We also learn for the first time that there are actually two streams. While we are not told so directly, we are to assume that both flow from the same eternal fountain just referred to. Matelda tells Dante that the stream that separates them is called Lethe . Recall that Virgil mentioned this stream in Canto 14 of the Inferno when Dante thought it was one of the four rivers of Hell. Virgil told him he would see this river in Purgatory. In classical literature (e.g., Virgil Ovid, Statius, etc.), Lethe is the river of oblivion and forgetfulness. Matelda tells Dante that this stream has the power to remove all memory of sin.

The second stream, Eunoë, is a creation of Dante’s. It’s purpose is to restore the memory of the good deeds one has done. However, one must drink first from the Lethe. Note how drinking from each of these streams in succession will complete the process of a soul’s preparation for entrance into Paradise. Lethe and Eunoë, by the way, are Greek words: the former means “oblivion” and the latter means “well-minded.”
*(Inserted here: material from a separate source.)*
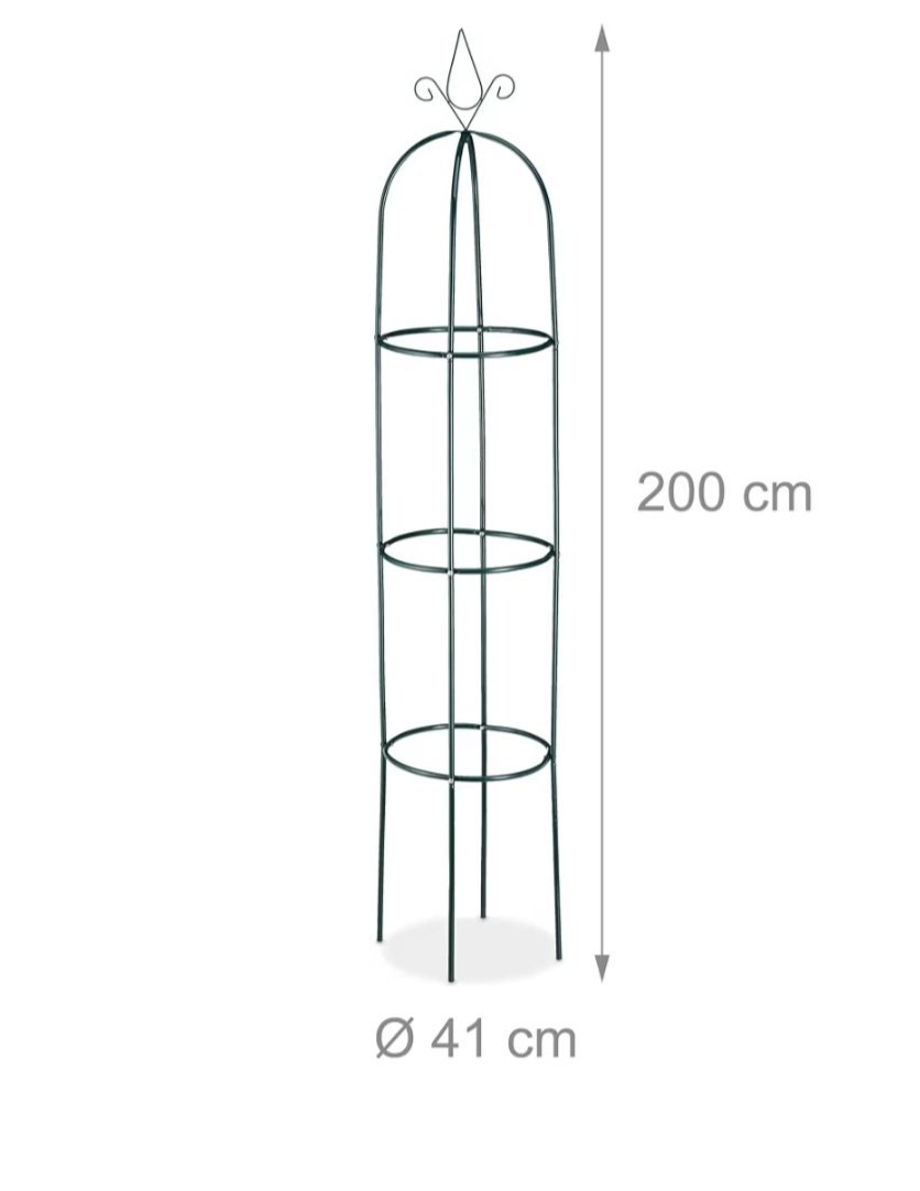 Tvirta metalinė konstrukcija užtikrina gerą stabilumą ir ilgaamžiškumą. Didelis 200 cm aukštis leidžia augalams augti vertikaliai ir formuoti vešlias kompozicijas. Atspari oro sąlygoms danga saugo nuo rūdžių. Tamsiai žalia spalva natūraliai įsilieja į sodo aplinką. Galima statyti tiek grunte, tiek vazone. Dekoratyvi viršutinė dalis suteikia estetinį vaizdą.

11. In what may be a nod to Dante’s two companions, Matelda suggests that the ancient poets who wrote of the Golden Age may have had the Earthly Paradise in mind because this is where humans were created and nourished in all innocence. As I noted earlier, Ovid in his Metamorphoses (I:107ff) wrote of the Golden Age: “At that time, Spring was everlasting, and gentle breezes with warm breath played among the flowers that sprang from the fecund ground unplanted. Then the earth brought forth her stores of grain, and the unplowed fields whitened with heavy ears of corn. Sometimes rivers of milk flowed, sometimes streams of nectar, and golden honey trickled from the great oak.” Unless its subtlety be lost on us, we should recall that just as the Earthly Paradise sits at op the Mountain of Purgatory, the Muses who inspired the classical poets resided atop another mountain sacred to Apollo: Parnassus.

By her mention of the Golden Age Matelda subtly joins scripture and classical literature. Her point is that from this place all things were touched by the sacred, the eternal. Though we lost access to the Earthly Paradise, its memory still resides deeply within us and all created things. Dorothy Sayers offers this reflection in her commentary here: “This memory belongs to Man’s nature; it is not the gift of revelation, but common to heathen and Christian alike. It follows that when we today contemptuously cal l such dreams ‘nostalgic,’ which means ‘homesick,’ we are unwittingly calling them by their right name, for they quite literally arise from Man’s longing for his true and original home.” At this point in his Comedy, Dante has brought us home, though only temporarily, for Paradise awaits him and all of us.